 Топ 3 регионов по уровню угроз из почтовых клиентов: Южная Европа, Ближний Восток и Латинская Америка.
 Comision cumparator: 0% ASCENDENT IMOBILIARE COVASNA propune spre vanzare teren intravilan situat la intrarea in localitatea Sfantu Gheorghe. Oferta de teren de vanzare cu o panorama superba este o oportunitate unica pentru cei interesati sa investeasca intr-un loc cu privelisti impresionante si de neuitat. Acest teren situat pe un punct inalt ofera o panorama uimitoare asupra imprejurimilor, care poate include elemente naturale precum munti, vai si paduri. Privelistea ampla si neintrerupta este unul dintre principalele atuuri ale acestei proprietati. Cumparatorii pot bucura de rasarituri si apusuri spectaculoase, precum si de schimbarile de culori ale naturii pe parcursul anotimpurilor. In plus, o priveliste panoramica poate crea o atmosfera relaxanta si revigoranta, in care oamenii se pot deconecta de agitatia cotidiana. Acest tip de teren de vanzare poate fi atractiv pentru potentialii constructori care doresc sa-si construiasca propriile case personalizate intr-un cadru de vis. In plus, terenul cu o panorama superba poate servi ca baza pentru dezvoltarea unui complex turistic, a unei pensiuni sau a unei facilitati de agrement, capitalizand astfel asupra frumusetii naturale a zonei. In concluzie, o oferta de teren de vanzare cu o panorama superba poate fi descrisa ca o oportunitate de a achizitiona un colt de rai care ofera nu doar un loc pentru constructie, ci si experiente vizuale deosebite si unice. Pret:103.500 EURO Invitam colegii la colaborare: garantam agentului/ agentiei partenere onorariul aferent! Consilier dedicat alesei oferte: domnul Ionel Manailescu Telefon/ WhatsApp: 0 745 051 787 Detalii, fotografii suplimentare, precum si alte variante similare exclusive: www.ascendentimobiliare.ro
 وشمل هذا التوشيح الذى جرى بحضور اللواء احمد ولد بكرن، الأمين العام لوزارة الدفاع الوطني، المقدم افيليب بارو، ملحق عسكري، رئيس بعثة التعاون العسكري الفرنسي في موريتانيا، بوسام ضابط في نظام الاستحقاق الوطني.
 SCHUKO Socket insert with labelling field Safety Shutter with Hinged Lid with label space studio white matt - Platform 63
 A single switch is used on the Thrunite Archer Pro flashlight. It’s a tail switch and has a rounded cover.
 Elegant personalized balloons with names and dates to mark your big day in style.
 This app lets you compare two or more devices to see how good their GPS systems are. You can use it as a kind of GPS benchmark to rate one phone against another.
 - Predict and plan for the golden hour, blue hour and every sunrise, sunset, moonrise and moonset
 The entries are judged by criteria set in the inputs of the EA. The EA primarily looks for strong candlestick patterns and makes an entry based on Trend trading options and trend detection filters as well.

────

» INSTRUCTIONS FOR THE TASK
Give an exact copy of the lines from the one with "- Predict and" through the end of the entries, both ends included.

» ANSWER FOR THE TASK
 - Predict and plan for the golden hour, blue hour and every sunrise, sunset, moonrise and moonset
 The entries are judged by criteria set in the inputs of the EA. The EA primarily looks for strong candlestick patterns and makes an entry based on Trend trading options and trend detection filters as well.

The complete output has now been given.